1. Introduction
Since the opening of distribution markets and backing for traditional markets in 2002, legislations and policies of the government authority have been reformed to invigorate the slumped traditional markets many times. However, The Korean traditional markets have promptly aggravated due to expansion of the new types of distributors such as department stores, super markets (SSM), home shopping on TV, internet shopping mall. In spite of diminishment of the traditional markets, the government authority enacted ‘The special law on the nurture of the traditional markets’ on October, 2004 and, at last, built up the foundation for the revitalization of the traditional markets by setting up ‘Special act on cultivation of traditional markets and shopping district’ on April, 2006.
Traditional markets, in essence, are a charming place for the common to purchase goods. Collaborating with traditional culture event, life and health lessons and seminars, the traditional markets can be added to modern culture as a shopping, meeting place, relaxing and playing place. Furthermore, traditional markets can be provided with local tourist route, along with introducing a variety of culture programs such as music, mime, performances, exhibition and so forth.
Lee (2016) analyzed the empirical study on consumption behaviors with respect to traditional markets and proposed improvement plan of the traditional retail markets. Also, he drew a conclusion that convenience, products and facilities have a significant influence both on consumer satisfaction and on revisit intension in traditional markets.
Song (2015) examined modern architecture which has evolved various forms of marts such as public mart-type, arcade-type and so on and analyzed the characteristics of architectural variation.
Su et al. (2015) tested the three hypotheses of ethical management and drew a conclusion that ethical management has an effect on both corporate impression and buying intent.
Kim & Youn (2015) proved that self-employment by administrative district and/or schooling year to decide the self-employment causes and measures.

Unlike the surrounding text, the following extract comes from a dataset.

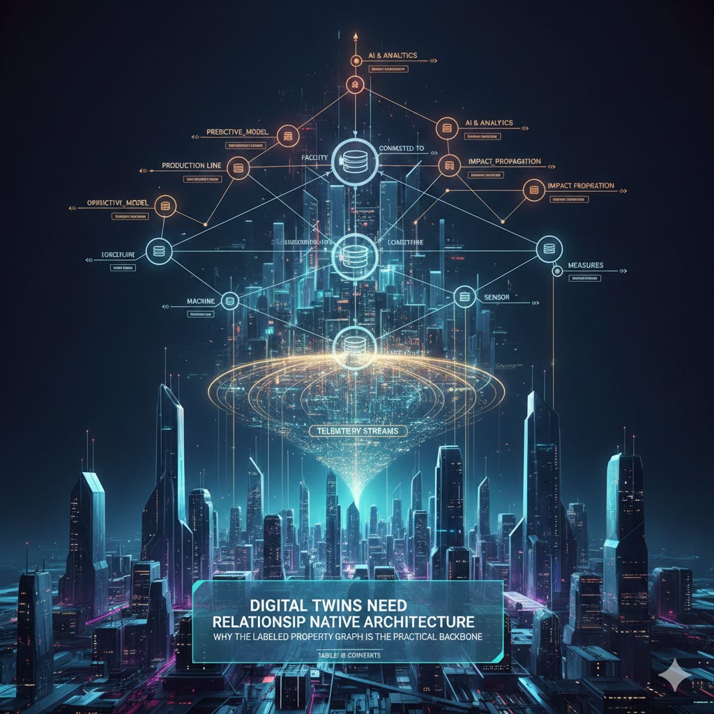 This article addresses the structural foundation required for production grade Digital Twins. It argues that the Labelled Property Graph model provides the most practical and scalable backbone for modelling complex physical systems in an operational context. The discussion is technical and aimed at architects, engineering leads and enterprise data strategists.
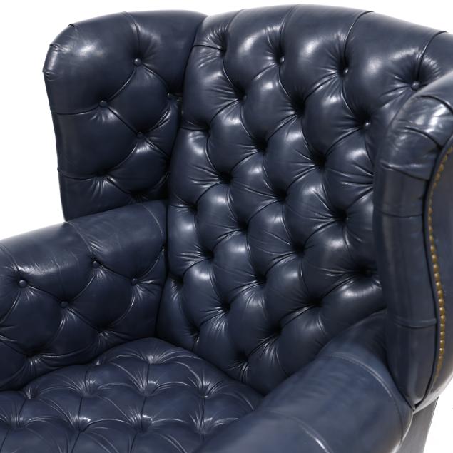 Late 20th century, in Williamsburg Blue leather button back upholstery, brass tack decoration.

Kim (2014a) studied the contentment extent of physical surroundings and choice attribute of the visitors of traditional markets for the purpose of providing consumers with better quality services.
Song (2014) treated the financial management capacity of owner-operators of traditional markets which has hardly been noticed by the government in vitalizing traditional markets.
Kim (2014b) investigated policies of the government driven for activating traditional markets, responses from consumers and merchants and factors which have an effect on sales with focusing on Mokpo Free market.
In this work, several associations between three types of markets and several major topics are investigated by calculating the numerical strength and visualizing their distances on the two dimensional plane. Three types of markets mentioned above can be general commercial zones, central commercial zones and traditional markets and also these topics can be types of occupations, types of districts, sizes of sales, sizes of employees, administrative districts by a lessor, areas in rental building and so on.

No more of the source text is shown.